Base64ing Unicode characters

Can Unicode characters be encoded and decoded with Base64?
I have attempted to encode the string 'الله', but when I decoded it all I got was '????'.
Base64 converts binary to text. If you want to convert text to a base64 format, you'll need to convert the text to binary using some appropriate encoding (e.g. UTF-8, UTF-16) first.
Of course they can. It depends on how your language or Base64 routine handles Unicode input. For example, Python's b64 routines expect an encoded string (as Base64 encodes binary to text, not Unicode codepoints to text).
Python 2.5.1 (r251:54863, Jul 31 2008, 22:53:39)
[GCC 4.1.2 (Ubuntu 4.1.2-0ubuntu4)] on linux2
Type "help", "copyright", "credits" or "license" for more information.
>>> a = 'ûñö'
>>> import base64
>>> base64.b64encode(a)
'w7vDscO2'
>>> base64.b64decode('w7vDscO2')
'\xc3\xbb\xc3\xb1\xc3\xb6'
>>> print '\xc3\xbb\xc3\xb1\xc3\xb6'
ûñö
>>>
>>> u'üñô'
u'\xfc\xf1\xf4'
>>> base64.b64encode(u'\xfc\xf1\xf4')
Traceback (most recent call last):
File "<stdin>", line 1, in <module>
File "/usr/lib/python2.5/base64.py", line 53, in b64encode
encoded = binascii.b2a_base64(s)[:-1]
UnicodeEncodeError: 'ascii' codec can't encode characters in position
0-2: ordinal not in range(128)
>>> base64.b64encode(u'\xfc\xf1\xf4'.encode('utf-8'))
'w7zDscO0'
>>> base64.b64decode('w7zDscO0')
'\xc3\xbc\xc3\xb1\xc3\xb4'
>>> print base64.b64decode('w7zDscO0')
üñô
>>> a = 'الله'
>>> a
'\xd8\xa7\xd9\x84\xd9\x84\xd9\x87'
>>> base64.b64encode(a)
'2KfZhNmE2Yc='
>>> b = base64.b64encode(a)
>>> print base64.b64decode(b)
الله
You didn't specify which language(s) you're using, but try converting the string to a byte array (however that's done in your language of choice) and then base64 encoding that byte array.
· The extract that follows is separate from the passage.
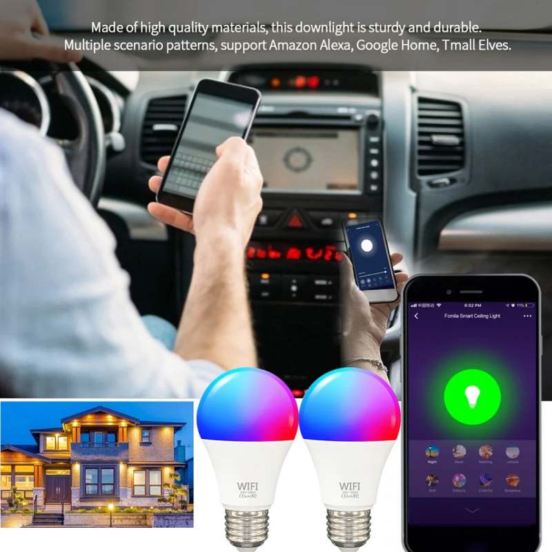 Лампочка E27 B22 для умного дома с Wi-Fi и регулировкой яркости, 9 Вт, RGBCW светильник лампочка с голосовым управлением для Alexa Google Home через Smart Life Alice
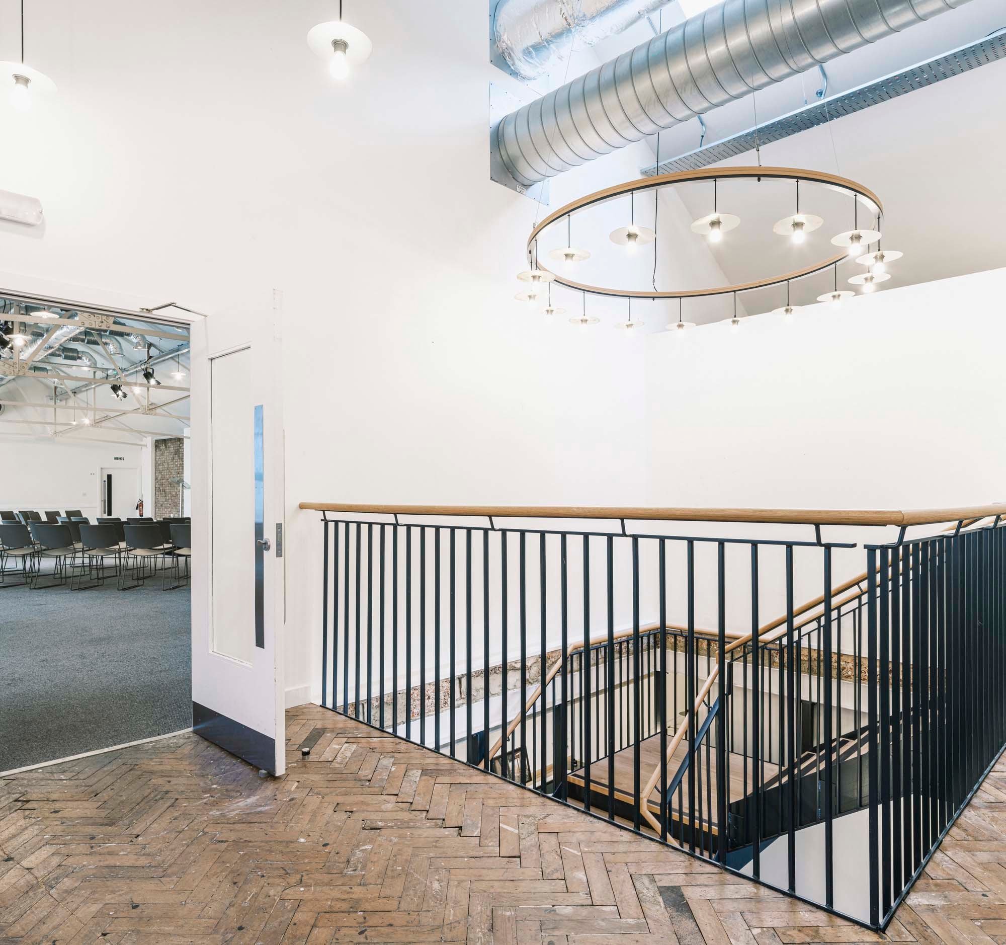 Haworth Tompkins undertook a complete internal re-organisation, peeling back years of alterations and additions. It revealed the former open plan upper floor, perfectly suited for its new use as a congregation space, providing a 200-seat auditorium sitting alongside a large open plan office space overlooking Pentonville Road. The ground floor houses a café, meeting and community rooms. Re-configured circulation improves connections between ground and first floors, with a generous open staircase linking the entrance café and the auditorium.

In .NET you can try this (encode):
byte[] encbuf;
encbuf = System.Text.Encoding.Unicode.GetBytes(input);
string encoded = Convert.ToBase64String(encbuf);
...and to decode:
byte[] decbuff;
decbuff = Convert.FromBase64String(this.ToString());
string decoded = System.Text.Encoding.Unicode.GetString(decbuff);